I think efficiency is a key. NPR as one example, has always had to make do on a different set of economic circumstances than a big corporate owned network news division like that at NBC. As such, the traditional media has a huge amount of fat in their chain that, one way or another, is going to be cut out. What will be interesting to see is 1) can media be generated in an efficient enough manner that allows for the lower amounts of revenue online advertising provides, 2) will traditional media companies be able to shift to new efficiencies quickly enough to survive, and 3) will a new media company be able to continue and grow without creating their own set of inefficiencies that bog them down.

I’m not sure I understand from the metholdology pages that this compared like with like. And that the use of the concepts like ‘coverage’ and ‘lead story’ as applied to old media – where Editorial decision making/filtering is applied – can be applied universally to new media.
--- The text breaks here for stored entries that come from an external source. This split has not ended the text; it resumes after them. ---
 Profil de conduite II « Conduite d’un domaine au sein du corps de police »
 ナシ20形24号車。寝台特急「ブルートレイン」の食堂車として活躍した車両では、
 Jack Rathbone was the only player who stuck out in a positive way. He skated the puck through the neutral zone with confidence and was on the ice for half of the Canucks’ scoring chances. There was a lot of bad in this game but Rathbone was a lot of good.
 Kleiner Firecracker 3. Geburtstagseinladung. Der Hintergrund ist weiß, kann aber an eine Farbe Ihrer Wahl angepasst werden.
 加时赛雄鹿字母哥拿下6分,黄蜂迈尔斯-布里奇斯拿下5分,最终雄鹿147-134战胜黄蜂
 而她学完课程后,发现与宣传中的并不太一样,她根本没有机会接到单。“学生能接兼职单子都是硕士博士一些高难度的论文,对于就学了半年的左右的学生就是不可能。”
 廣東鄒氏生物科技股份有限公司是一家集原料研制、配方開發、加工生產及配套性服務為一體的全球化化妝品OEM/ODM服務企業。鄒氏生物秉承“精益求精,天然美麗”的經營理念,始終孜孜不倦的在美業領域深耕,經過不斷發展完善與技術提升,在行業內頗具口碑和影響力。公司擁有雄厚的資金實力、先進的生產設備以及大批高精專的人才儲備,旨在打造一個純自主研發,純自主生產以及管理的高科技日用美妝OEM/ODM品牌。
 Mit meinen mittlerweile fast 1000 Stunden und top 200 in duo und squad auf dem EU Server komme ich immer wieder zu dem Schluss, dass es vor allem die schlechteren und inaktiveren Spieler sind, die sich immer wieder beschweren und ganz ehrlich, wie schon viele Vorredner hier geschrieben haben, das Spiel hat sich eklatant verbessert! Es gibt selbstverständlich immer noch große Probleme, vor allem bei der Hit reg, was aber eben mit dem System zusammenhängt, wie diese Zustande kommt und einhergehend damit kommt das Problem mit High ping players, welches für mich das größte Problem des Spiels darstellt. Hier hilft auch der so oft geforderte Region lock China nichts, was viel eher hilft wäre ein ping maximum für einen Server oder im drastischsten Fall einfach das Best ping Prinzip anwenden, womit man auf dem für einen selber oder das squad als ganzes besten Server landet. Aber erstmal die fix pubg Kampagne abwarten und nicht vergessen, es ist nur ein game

Some blogs act as newspapers with an Editorial line, but others are just individuals. Can they collectively be counted in the way that old media might be? (Though come to think of it, local papers like the Derby Evening Telegraph of my chidhood, almost invariably led with different stories from the national Guardian, Times etc). Is readership (or circulation – not that these likely harmonize) accounted for or just the number of headlines?
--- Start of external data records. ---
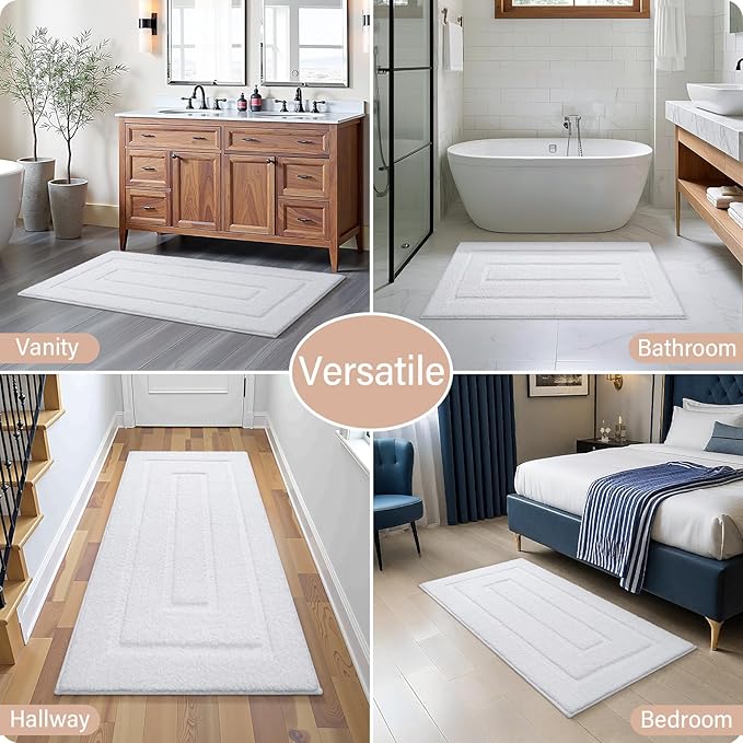 - tra Soft and Versatile: The white bathroom rug with high density microfiber provide a comfortable to your feet, 24x48 inch long runner suitable for bathroom kitchen bedroom laundry room use
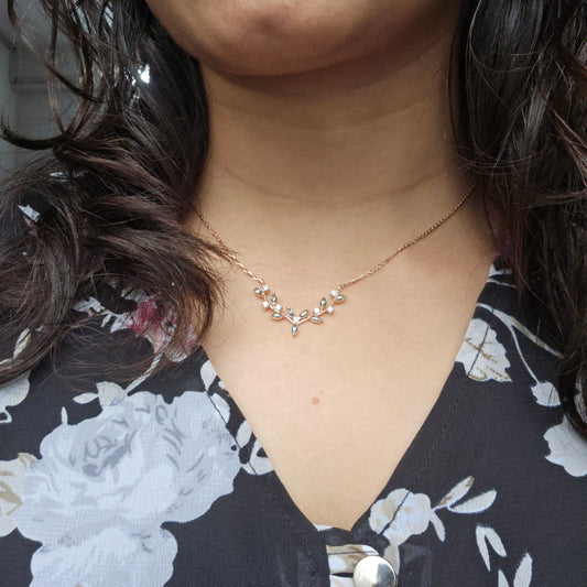 Art Deco Inspired Diamond Necklace Leaf & Vine Design in Gold - Statement Jewelry Gift
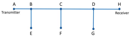 In this paper, the authors choose a topology network with 3 branches between the transmitter A and the receiver H, as shown in Figure 8, where AB, BC, CD, and DH are the lines of the electrical network, whereas E, F, and G are the connected loads whose behaviors are depicted in Figure 10.

Twitter is a stream of multiconsciousness. I can’t immediately tell whether this study used the number of tweets or the number of tweeters they measured on any one topic, or, ideally, some clever interplay of both these measures. How about the number of followers of these tweeters/tweeter (an equivalently inaccurate measure to circulation perhaps?)

A few zealous tweeters banging away on a topic could give misleading peaks. Likewise lots of people passing a single comment might not really indicate deep interest in that topic but could lead to high counts.

The point made that new media might reflect readers’ interests whereas old media reflects editorial/commercial interest is perhaps valid; but does this really measure that?

It just strikes me we’re often using old media measures to analyse new media. And perhaps they just aren’t comparable in this way. And indeed perhaps applying such measures inappropriately is part of the barrier to our sector embracing new media.

But analysing methodology sections was never my strong point so maybe I missed the point.

For their methodology, they measured the links used during a particular day to generate the top story. So, which links did blogs and Twitter use? Both number of tweets and number of Tweeters could drive this, as could the number of blog posts and the number of blogs. “Blogs” were things we think of traditionally as blogs, not newspapers and magazines running blog software.

The study doesn’t cover whether commercial interests interfere with traditional journalism coverage — that’s an informed opinion of mine.

I think you’re right — as new media generates new measurements, old media measurements will seem less relevant. But, for now, we’re in a transition. Kind of like the days when it was a “horseless carriage” and not yet a “car.”

Though amusingly we still use ‘horsepower’ as a metric for a car’s power.

(Not sure what argument that backs up other than old habits die hard.)